Изначально Скотт намеревался уйти в поход на десять недель. Чтобы иметь в запасе лишнюю неделю для продвижения на юг, он увеличил этот срок до двенадцати недель, сократив дневной рацион продуктов для команды. К сожалению, план его был плох, а поведение неосторожно:
Весьма беззаботная манера обращения с провизией и керосином, повлёкшая за собой необходимость растянуть их в конце похода на лишнюю неделю, привела к резкому сокращению потребления пищи и топлива — и мы оказались в тисках нужды.
Теперь они буквально голодали и постоянно думали о еде. Они ели меньше, чем любые полярные исследователи со времён первой арктической экспедиции сэра Эдварда Парри в 1820 году. Но даже в этом факте Скотт находил странный повод для гордости.
На Рождество Уилсон обнаружил, что у Скотта и Шеклтона началась цинга. У обоих появились классические симптомы — опухшие и воспалившиеся дёсны. Они не ели свежей пищи уже два месяца — только пеммикан, бекон и патентованную консервированную пищу, абсолютно лишённую витамина С.
Уилсон видел, что дело зашло слишком далеко. Им нужно было остановиться гораздо раньше, но убедить в этом Скотта казалось совершенно невозможным. Болезнь стала неопровержимым аргументом. Уилсон настаивал, чтобы они немедленно повернули назад и как можно скорее вернулись на корабль. Но Скотт пребывал в нервном возбуждении и стремился к рекордной южной отметке любой ценой. Он был глух к любым доводам. После очередного спора, по его словам, они пришли
к следующему соглашению. Двигаться вперёд до 28 декабря — именно тогда мы должны оказаться на 82-й параллели. Потом повернуть к берегу и исследовать, если представится возможность, высокие горы и интересные скальные формации, параллельно которым мы сейчас идём…
Это был компромисс, с которым Уилсон неохотно согласился. 28 декабря они пересекли 82-ю параллель и на следующий день разбили свой самый южный лагерь на отметке 82°15?. Гигантский бергшрунд [45], где шельфовый ледник взгромоздился на скалы, сводил на нет любые надежды о геологических изысканиях.
Скотт и Уилсон прошли на лыжах ещё милю-другую, достигнув отметки 82°17?. Шеклтона оставили присматривать за собаками. Его даже не пригласили разделить триумф от покорения самой южной точки мира. Такого пренебрежения он никогда не забудет.
31 декабря Скотт наконец отдал приказ поворачивать назад.
Нам очень повезло [писал Уилсон], ведь мы ничего не знаем о состоянии снега на поверхности Барьера летом. Оно может сильно отличаться от того, каким было во время нашего похода на юг. Всегда нужно иметь резерв на случай сложных снежных условий, трудной дороги или плохой погоды.

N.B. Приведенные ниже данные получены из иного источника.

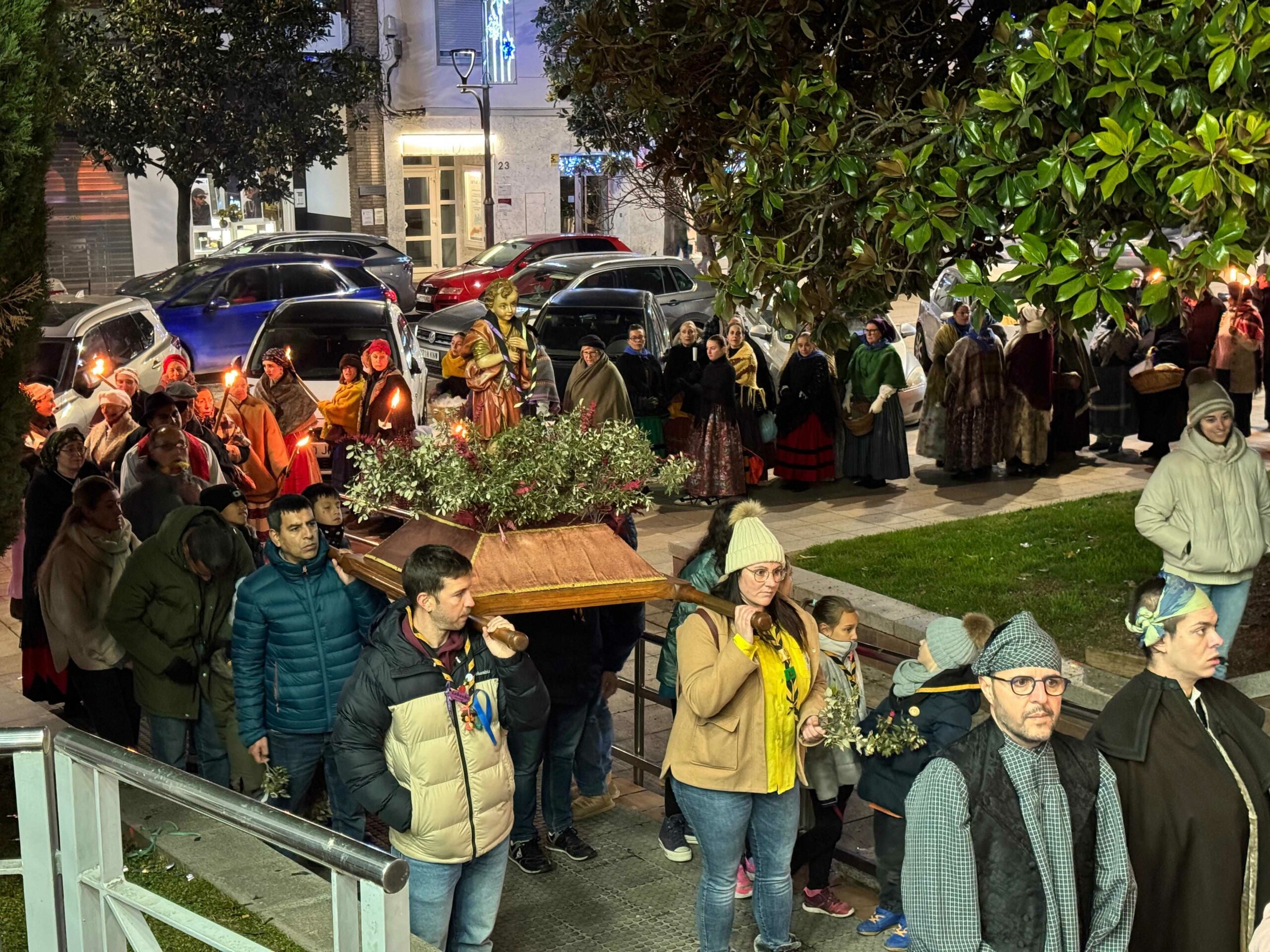 La celebración de la fiesta de invierno ha comenzado al mediodía con la misa baturra de San Quílez en la iglesia parroquial de San Pedro Apóstol. Pero el evento más popular ha tenido lugar en torno a las 18.30 con la procesión de la talla del santo desde la plaza de San Quílez a la plaza España, previa a la oración. La carreta que portaban los mozos con leñas y ramas de encina, símbolo de esta celebración, ha abierto la comitiva de la que formaban parte antorcheros, tambores y decenas de fieles ataviados con ropajes tradicionales, entre ellos la alcaldesa Patricia Rivera y el concejal de Actos Populares y Festejos, César Pardos. A ellos se ha sumado la concejal de Cultura y Juventud, Beatriz de Pano.

Это «нужно» говорит о многом. У сдержанного Уилсона оно означает суровое осуждение. Ведь Скотт ради собственных амбиций рисковал жизнями своих спутников и был готов к ещё большему риску, чем тот, в котором признавался. Тайная запись в его навигационном блокноте говорит о том, что он планировал идти вперёд ещё в течение двух недель, с тем чтобы вернуться к складу, оставленному по дороге, лишь 14 февраля. Продуктов, растянутых до предела, хватило бы только до этого дня, но не дольше.
45
Разрыв, сформировавшийся на внешней границе ледника между его движущимися частями и неподвижной структурой (скалами, твёрдым снегом и др.). Иногда его глубина может составлять более ста метров. Прим. ред.